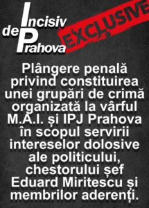 In articolele anterioare va dezvaluiam situatia împuternicirilor din cele mai importante structuri din IPJ Prahova efectuate cu sprijinul si la ordinul chestorului Eduard Mirițescu in vederea constituirii unei grupari de crima organizata chiar in interiorul M.A.I. pentru a servi intereselor dolosive ale politicului, intereselor dolosive ale lui Eduard Miritescu si a membrilor care au aderat pe parcurs la acesta grupare.
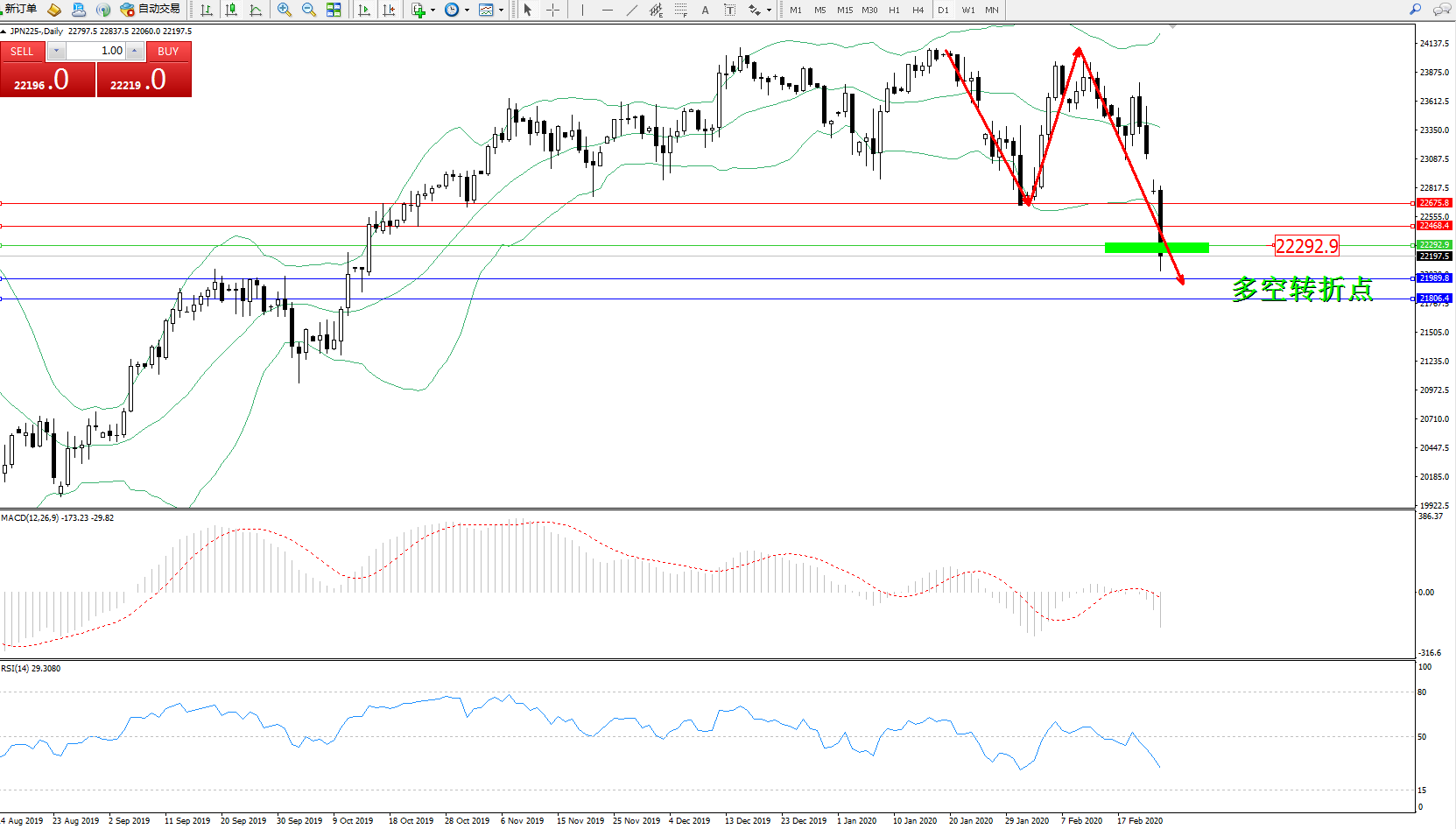 周一补休天皇诞辰日,休市一天。日经225指数221日(周五)收盘下跌91.65点,跌幅0.39%,报23387.50点。投资者更加担忧公共卫生安全问题在海外市场的蔓延。美国股市在本周开盘即大幅度下挫。中国以外的许多国家出现了大量新病例,加剧了传播的担忧,导致美国股指期货下跌。日本富士电视台等媒体于投资者更加担忧公共卫生安全问题在海外市场的蔓延。美国股市在本周开盘即大幅度下挫。中国以外的许多国家出现了大量新病例,加剧了传播的担忧,导致美国股指期货下跌。日本富士电视台等媒体于22日和23日,针对本国民众进行了一次民意调查。结果显示,安倍内阁的支持率为36.2%,不支持率为46.7%。不支持率时隔19个月,首次超过了支持率。
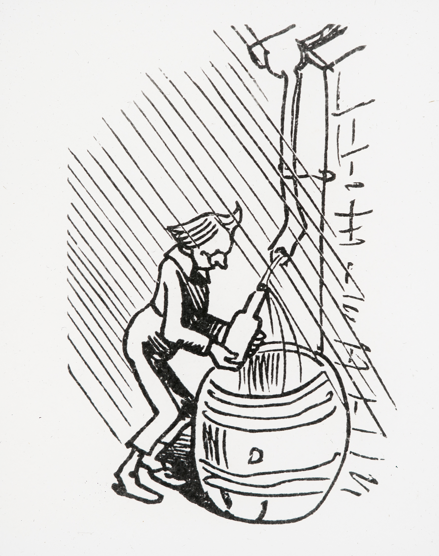 Die dadurch entstandne Leere Füllt er an der Regenröhre. –"
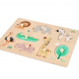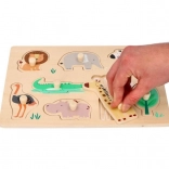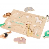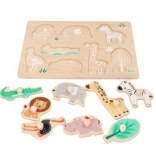 Deze houten puzzel met Safari-thema’s is ideaal voor kinderen vanaf 12 maanden. Elk puzzelstukje staat voor een ander dier, zoals een leeuw, olifant of giraf, wat helpt bij het herkennen van dieren. De puzzel is ontworpen met handgrepen voor eenvoudig vasthouden en hanteren, wat geweldig is voor de ontwikkeling van fijne motoriek bij kleine kinderen.
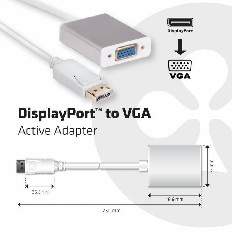 CLUB3D DisplayPort auf VGA Aktiver Adapter. Anschluss 1: DisplayPort. Anschluss 2: VGA. Produktfarbe: Schwarz
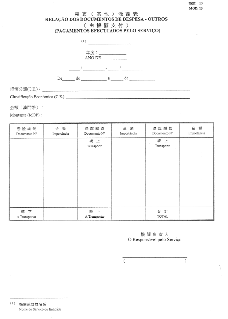 4)由機關或實體本身支付而不屬上述1)及2)所指開支之憑證表-格式13;
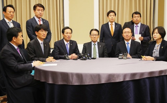 국정농단을 주도한 ‘비선실세’로 주목된 최순실씨가 검찰에 긴급체포 돼 조사를 계속받고 있는 1일 오전 야당 원내대표들이 후속 대책 마련을 위해 국회에서 만나 발언하고 있다. (왼쪽 세 번째부터) 더불어민주당 우상호 원내대표, 국민의당 박지원 비상대책위원장 겸 원내대표, 정의당 노회찬 원내대표.
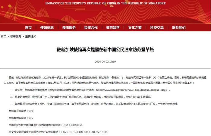 目前,新每周報(bào)告確診病例超300例,鑒于新登革熱傳統(tǒng)高發(fā)季節(jié)(每年5到10月)臨近,并且近期新加坡天氣炎熱,登革熱傳播風(fēng)險(xiǎn)高企,駐新加坡使館提醒在新中國(guó)公民注意防范登革熱:
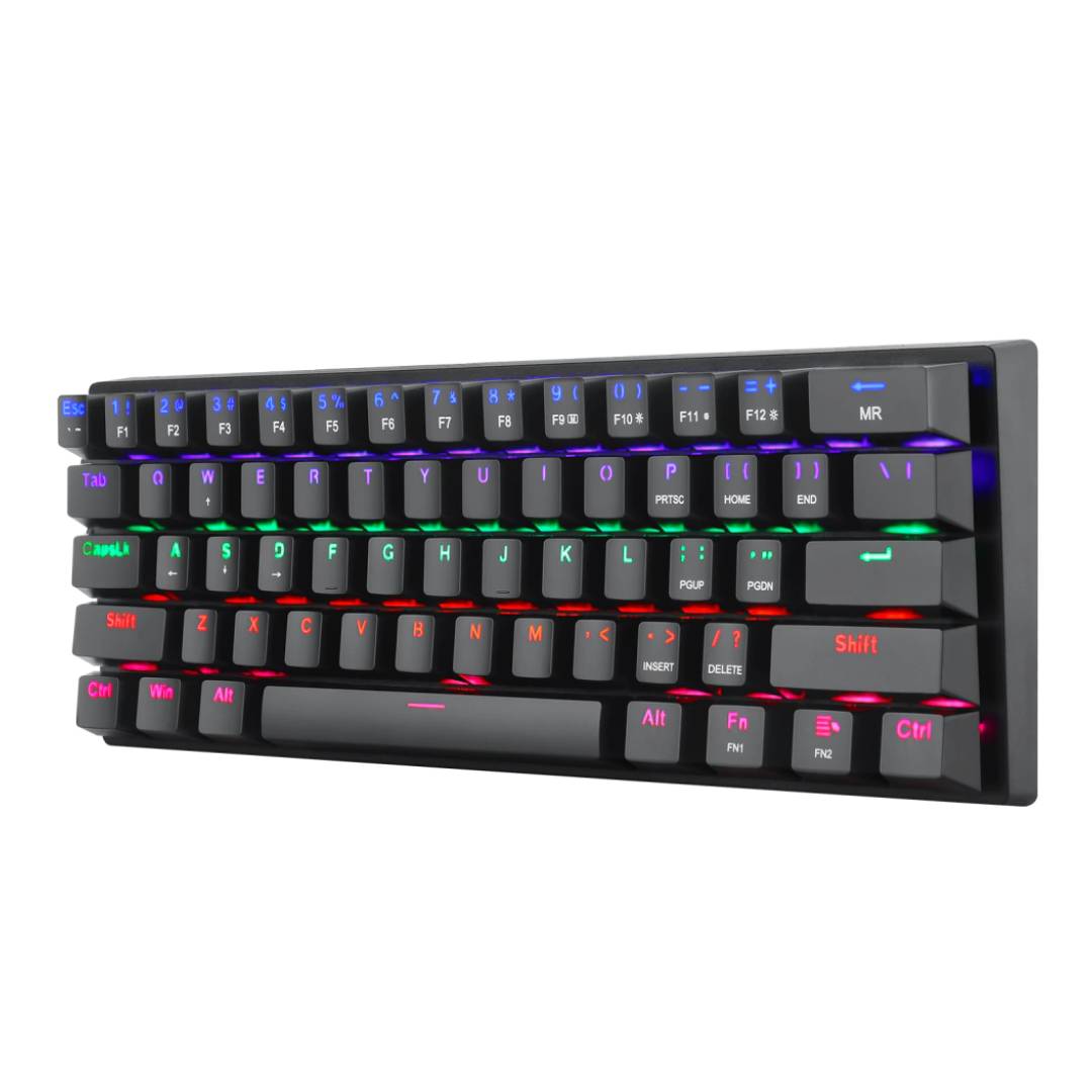 Diseño compacto 60% con 61 teclas, optimizando el espacio y facilitando la movilidad.

• **Goal of the exercise**: Starting at the line that holds "目前,新每周報(bào)告確" and stopping at the last line of the listing above, write out each line exactly as it appears, and omit the pictures.

• **Answer box**:
 目前,新每周報(bào)告確診病例超300例,鑒于新登革熱傳統(tǒng)高發(fā)季節(jié)(每年5到10月)臨近,并且近期新加坡天氣炎熱,登革熱傳播風(fēng)險(xiǎn)高企,駐新加坡使館提醒在新中國(guó)公民注意防范登革熱:
 Diseño compacto 60% con 61 teclas, optimizando el espacio y facilitando la movilidad.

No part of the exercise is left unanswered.